View Single Post
  #33   Report Post  
Posted to alt.home.repair
Hongyi Kang Hongyi Kang is offline
external usenet poster
 
Posts: 34
Default Aprilaire 600 humidity output

On Saturday, November 22, 2014 5:23:59 PM UTC-5, micky wrote:
On Sat, 22 Nov 2014 16:44:21 -0500, Don Wiss
wrote:

On Sat, 22 Nov wrote:

What is the humidity in the house? Getting static shocks? Could be
the humidity gauge you're using isn't accurate.


That is my test. Touch a metal light switch plate. If no static shocks
there, or any other place, the humidly is high enough.


But doesn't that depend on what kind of carpet he has, if any, and what
kind of soles there are on the shoes they wear? They both have to be
right to get static.

In 30 years, I've never gotten a static shock in this house**, and for
at least 10 of these years, I've had no humidifier and I'm sure the
humidity was low. In fact an ivory came loose on my piano for the first
time in over 67 years. .

**Because the carpet is synthetic (I'm sure). I'm also not sure if the
rubber-like stuff on the bottom of my slippers and sneakers are the same
kind of rubber that would create a static charge if I had wool carpets.
or whatever pair works.

Don. www.donwiss.com (e-mail link at home page bottom).
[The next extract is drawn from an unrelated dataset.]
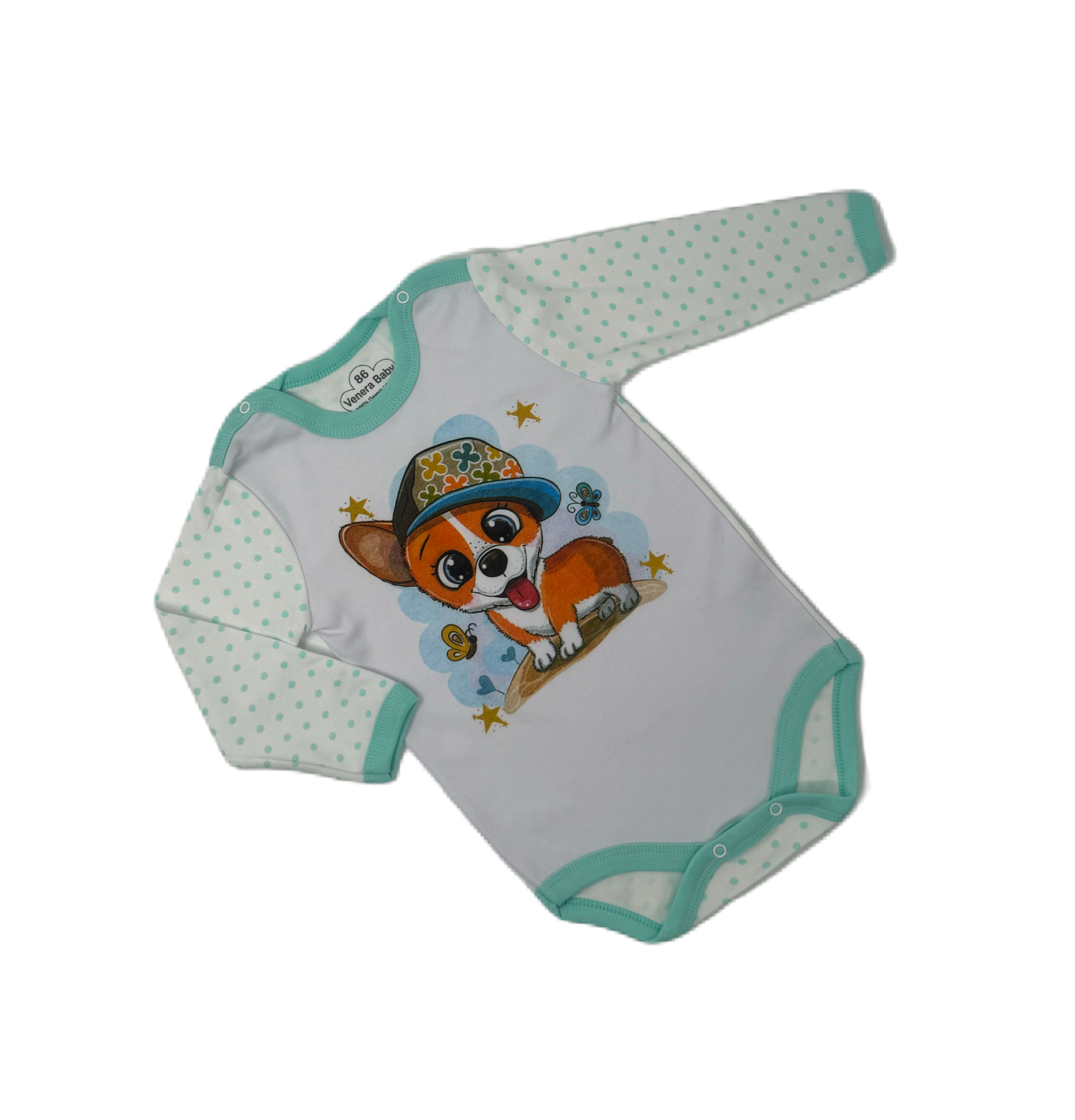 Боди с дълъг ръкав, изработено от интерлог. С детски картинки и точки.
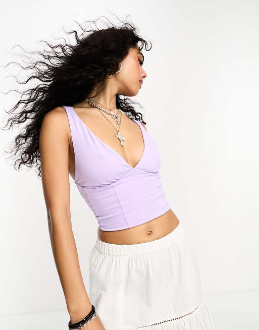 Only – Oberteil in Flieder mit kurzem Schnitt und V-Ausschnitt

AIUI, there are no good humidity gauges that the average person can
afford. That would include the gauge the OP is checking the humidity
with, and the gauge inside the humidifier that attempts to humidify the
household air to a desired humidity.

OP, have you tried just turning that " round knob pointing to different
numbers" to a higher number? Even if those numbers are supposed to be
the percent humidity that the unit will deliver, that doesn't mean they
are. The furnace control in the 50-apartment building I used to live
in didn't attempt to give a temperature, only heat output, for which one
could set it to A, B, C, D, E, F, G, H. I think only by trial and
error did the first landlord** find what was the right setting. The
analogy is not perfect, but I think that's how you'll find it too.

Maybe you can borrow another better than average hygrometer from
someone.

Or just set the humidity to maximum, and when water starts dripping off
your windows, etc. keep setting it down a little at a time until nothing
bad is happening, no dripping anywhere that matters, and that will be
the highest humidity your home can have, anyhow. Regardless of your
hardware. Then mark that spot on your knob dial. And you can also
probably find out what the %age is, and interpolate what all the other
numbers on the dial mean.

It bothers me that he charged you for part of a service call because HE
could not find anything wrong. Were you very clear that something WAS
wrong. But in a way there's no point in crying over spilt milk, and
just calibrate the humidifier yourself.


Thanks for the warm reply! I have no carpet in the house and am wearing bamboo slippers all the time, not sure how that's gonna affect static shock though. The 45% is actually the highest setting on this humidifier. I wish I could crank it up any higher lol. However I am seeing frost on the window, is that a sign of too much humidity then? So I should probably never rely on humidity measurement coming out of the register but instead just judge by the water on window. This whole measuring humidity thing actually started because my wife woke up on a morning about two weeks ago telling me her throat had been burning the whole night and she had to drink water every hour to feel a little better.

I put the humidistat on one of the return registers on the floor on first floor this afternoon and it read 36%. This number actually is consistent with the humidistat by the humidifier, because when I turned the humidistat to under 35%, it would stop the hot water feed to the humidifier. Maybe just like Stormin said, I might need two of these... Or maybe it's time to bleach clean my portable one again XD.